Required action: Exact copy, no pictures: repeat the data that follows.

Data segment:
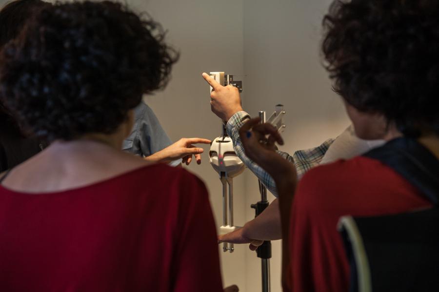 Aparato de medición de la voluntad según el índice de Scheuermann genera una ficción científica que demuestra, en su lógica, cómo se construyen determinadas nociones de verdad. Su sustento teórico se basa en la revisitación de la frenología, implementada en los últimos treinta años por el Instituto Höglund de Frenología de Estocolmo (HFIS) para establecer los parámetros que correlacionan cuerpo y mente más allá de la forma craneal, y en la enfermedad de Scheuermann, patente en la adolescencia y manifiesta en la pubertad como un debilitamiento y deformación entre las cervicales que genera una cifosis pronunciada. Los orígenes de la enfermedad se desconocen y su tratamiento implica el uso de un corsé ortopédico o, incluso, requiere cirugía. El proyecto recoge un estudio reciente y detallado de la enfermedad, pasando a reconocerla como una condición. Los casos considerados patológicos eran ejemplos extremos de algo común en todos los humanos: la manifestación física de la voluntad.
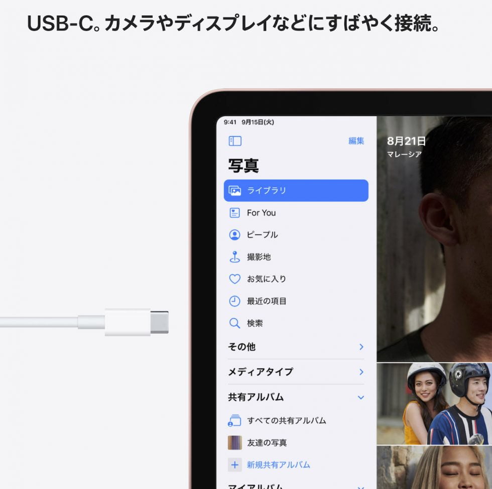 iPad Proがいち早くUSB-Cを採用していますが、ついにAirも同じ規格となりました。
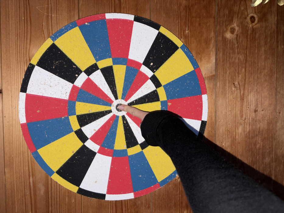 - "A circular dartboard, composed of concentric rings and radial segments in red, blue, yellow, black, and white, is mounted on a wooden plank wall" by FM-OtwjV2, licensed under CC BY 4.0
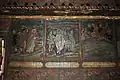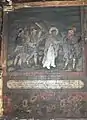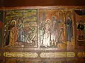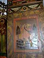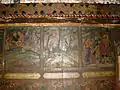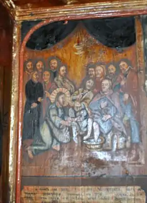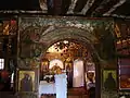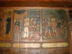 Decorația interioară, de factură cultă, poartă amprenta unui talent deosebit. Ea cuprinde absolut întreg ansamblul. Pereții au fost chituiți până aproape de înălțimea umărului unui om și dați cu vopsea de ulei de in într-o singură culoare. De acolo în sus, totul a fost împărțit în chenare și acoperit cu scene biblice sau chipuri de mucenici. Folosirea intensă a culorii albe a pulsat multă viață într-un câmp coloristic puțin avantajat de lumina micilor ferestre. Portretele sfinților sunt bine individualizate. Dar ceea ce dă măsura adevăratei măiestrii e suita de tablouri realizate pe linia ferestrelor înfățișând patimile lui Cristos. Scenele sunt de un mare dinamism și expresivitate. Invită la profundă meditație textele de sub aceste scene. Ele au fost scrise în limba română, cu chirilice, dar și în limba latină. Departe de a fi doar o vanitoasă demonstrație de erudiție a pictorului sau a prim-coratorului, aceste inscripții reliefează că răstocenii au ajuns la cunoașterea originii lor romane și că în străfunduri creștea, spre deșteptarea de la 1848, conștiința lor națională. În momentele de reculegere duminicală, ei au adunat de aici tăria de-a lupta pentru limba și legea lor strămoșească, pentru a fi ei înșiși pe un pământ trudit din moși-strămoși[30]

Problem solution:
 Aparato de medición de la voluntad según el índice de Scheuermann genera una ficción científica que demuestra, en su lógica, cómo se construyen determinadas nociones de verdad. Su sustento teórico se basa en la revisitación de la frenología, implementada en los últimos treinta años por el Instituto Höglund de Frenología de Estocolmo (HFIS) para establecer los parámetros que correlacionan cuerpo y mente más allá de la forma craneal, y en la enfermedad de Scheuermann, patente en la adolescencia y manifiesta en la pubertad como un debilitamiento y deformación entre las cervicales que genera una cifosis pronunciada. Los orígenes de la enfermedad se desconocen y su tratamiento implica el uso de un corsé ortopédico o, incluso, requiere cirugía. El proyecto recoge un estudio reciente y detallado de la enfermedad, pasando a reconocerla como una condición. Los casos considerados patológicos eran ejemplos extremos de algo común en todos los humanos: la manifestación física de la voluntad.
 iPad Proがいち早くUSB-Cを採用していますが、ついにAirも同じ規格となりました。
 - "A circular dartboard, composed of concentric rings and radial segments in red, blue, yellow, black, and white, is mounted on a wooden plank wall" by FM-OtwjV2, licensed under CC BY 4.0
 Decorația interioară, de factură cultă, poartă amprenta unui talent deosebit. Ea cuprinde absolut întreg ansamblul. Pereții au fost chituiți până aproape de înălțimea umărului unui om și dați cu vopsea de ulei de in într-o singură culoare. De acolo în sus, totul a fost împărțit în chenare și acoperit cu scene biblice sau chipuri de mucenici. Folosirea intensă a culorii albe a pulsat multă viață într-un câmp coloristic puțin avantajat de lumina micilor ferestre. Portretele sfinților sunt bine individualizate. Dar ceea ce dă măsura adevăratei măiestrii e suita de tablouri realizate pe linia ferestrelor înfățișând patimile lui Cristos. Scenele sunt de un mare dinamism și expresivitate. Invită la profundă meditație textele de sub aceste scene. Ele au fost scrise în limba română, cu chirilice, dar și în limba latină. Departe de a fi doar o vanitoasă demonstrație de erudiție a pictorului sau a prim-coratorului, aceste inscripții reliefează că răstocenii au ajuns la cunoașterea originii lor romane și că în străfunduri creștea, spre deșteptarea de la 1848, conștiința lor națională. În momentele de reculegere duminicală, ei au adunat de aici tăria de-a lupta pentru limba și legea lor strămoșească, pentru a fi ei înșiși pe un pământ trudit din moși-strămoși[30]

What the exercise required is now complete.